For one of my classes, I have spent this semester cleaning and analyzing data from the Grand Comics Database (GCD) with an eye towards assessing gender representation in English-language superhero comics.
Starting with GCD’s records of over 1.5 million comics from around the world, I identified the 66,000 individual comic book titles that fit my criteria. For each character appearing in those comics, I hand coded the gender for those with a self-identified male or female gender.
From this, I built a bipartite network – comic books on one side and comic book characters on the other. A comic and a character are linked if a character appeared in a comic. The resulting network has around 66,000 comic titles, 10,000 characters, and a total of nearly 300,000 links between the two sides.
From the bipartite network, I examined the projections on to each type of node. For example, the below visualization contains only characters, linking two characters if they appeared in the same issue. Nodes here are colored by publisher:
The character network is heavily biased towards men; nearly 75% of the characters are male. Since the dataset includes comics from the 1930s to the present, this imbalance can be better assessed over time. Using the publication year of each comic, we can look at what percentage of all characters in a given year were male or female:
While comics were very gender-skewed through the 1970s, in recent years, the balance has gotten a little better, though male character still dominate. If anyone knows what spiked the number of female characters in the early 2000s, please let know. I looked at a couple of things, but couldn’t identify the driving force behind that shift. It’s possible it just represents some inaccuracies in the original data set.

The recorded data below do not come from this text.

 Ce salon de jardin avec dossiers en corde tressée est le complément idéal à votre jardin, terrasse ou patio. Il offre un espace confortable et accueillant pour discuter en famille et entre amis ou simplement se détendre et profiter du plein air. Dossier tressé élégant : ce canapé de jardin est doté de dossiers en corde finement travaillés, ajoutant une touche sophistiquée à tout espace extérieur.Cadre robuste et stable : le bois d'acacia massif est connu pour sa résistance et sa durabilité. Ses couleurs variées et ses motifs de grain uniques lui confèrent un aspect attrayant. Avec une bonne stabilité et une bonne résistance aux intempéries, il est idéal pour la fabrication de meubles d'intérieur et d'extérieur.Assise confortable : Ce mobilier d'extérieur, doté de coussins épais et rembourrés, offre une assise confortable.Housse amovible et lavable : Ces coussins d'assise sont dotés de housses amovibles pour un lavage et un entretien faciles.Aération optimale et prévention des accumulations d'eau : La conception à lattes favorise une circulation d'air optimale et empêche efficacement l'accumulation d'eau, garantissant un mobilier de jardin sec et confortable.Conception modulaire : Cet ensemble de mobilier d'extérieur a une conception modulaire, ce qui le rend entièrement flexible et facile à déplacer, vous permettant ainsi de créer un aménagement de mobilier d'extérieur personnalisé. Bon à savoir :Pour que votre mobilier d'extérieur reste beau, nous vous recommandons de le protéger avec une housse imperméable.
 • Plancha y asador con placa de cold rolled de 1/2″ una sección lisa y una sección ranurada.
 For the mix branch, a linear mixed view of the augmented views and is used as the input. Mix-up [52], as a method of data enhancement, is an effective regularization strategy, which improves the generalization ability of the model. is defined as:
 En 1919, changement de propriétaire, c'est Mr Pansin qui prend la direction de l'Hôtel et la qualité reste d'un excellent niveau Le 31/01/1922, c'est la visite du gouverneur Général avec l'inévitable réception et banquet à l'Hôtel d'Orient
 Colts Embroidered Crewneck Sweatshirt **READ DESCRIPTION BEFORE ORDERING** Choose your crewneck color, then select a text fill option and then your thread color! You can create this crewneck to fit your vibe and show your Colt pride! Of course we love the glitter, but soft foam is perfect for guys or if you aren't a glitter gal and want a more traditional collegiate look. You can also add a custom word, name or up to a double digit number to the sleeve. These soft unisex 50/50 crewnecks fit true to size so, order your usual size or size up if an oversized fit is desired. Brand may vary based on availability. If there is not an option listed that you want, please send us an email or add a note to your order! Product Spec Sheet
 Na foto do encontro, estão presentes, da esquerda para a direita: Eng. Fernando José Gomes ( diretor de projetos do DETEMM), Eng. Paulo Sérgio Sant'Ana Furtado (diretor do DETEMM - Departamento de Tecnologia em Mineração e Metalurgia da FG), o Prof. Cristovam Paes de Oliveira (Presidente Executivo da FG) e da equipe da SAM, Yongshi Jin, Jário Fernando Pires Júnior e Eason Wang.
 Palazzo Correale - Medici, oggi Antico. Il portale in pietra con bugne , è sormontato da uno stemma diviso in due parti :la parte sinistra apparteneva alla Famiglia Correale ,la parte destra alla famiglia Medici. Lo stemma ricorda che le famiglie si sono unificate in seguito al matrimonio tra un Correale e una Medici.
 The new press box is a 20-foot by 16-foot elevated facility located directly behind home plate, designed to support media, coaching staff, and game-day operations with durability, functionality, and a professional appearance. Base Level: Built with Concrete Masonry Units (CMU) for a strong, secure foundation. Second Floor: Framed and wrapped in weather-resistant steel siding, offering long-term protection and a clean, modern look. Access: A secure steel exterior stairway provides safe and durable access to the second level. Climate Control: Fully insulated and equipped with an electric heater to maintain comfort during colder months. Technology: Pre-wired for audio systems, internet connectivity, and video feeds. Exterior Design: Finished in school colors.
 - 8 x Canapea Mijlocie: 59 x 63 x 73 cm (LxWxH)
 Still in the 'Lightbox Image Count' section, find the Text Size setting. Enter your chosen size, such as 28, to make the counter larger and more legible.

If you prefer, we can also look at the various eras of comics books to see how gender representation changed over time:
I was particularly interested in applying a rudimentary version of the Bechdel test to this dataset. Unfortunately, I didn’t have the data to apply the full test, which asks whether two women (i) appear in the same scene, and (ii) talk to each other about (iii) something other than a man. But I could look at raw character counts for the titles in my dataset:
I then looked at additional attributes of of those titles which pass the Bechdel test. For example, when were they published? Below are two different ways of bucketing the publication years: first by accepted comic book eras and the second by uniform time blocks. Both approaches show that having two female characters in comic books started out rare but has become more common, coinciding roughly with the overall growth of female representation in comic books.
Finally, I could also look at the publishers of these comic books. My own biases gave me a suspicion of what I might find, but rationally I wasn’t at all sure what to expect. But now you can see, Marvel published an overwhelming number of the “Bechdel passed” comics in my dataset.
To be fair, this graphic doesn’t account for anything more general about Marvel’s publishing habits. Marvel is known for it’s ensemble casts, for example, so perhaps they have more comics with two women simply because they have more characters in their comics.
This turns out to be partly true, but not quite enough to account for Marvel’s dominance in this area. About half of all comics with more than two characters of any gender are published by Marvel, while DC contributes about a third.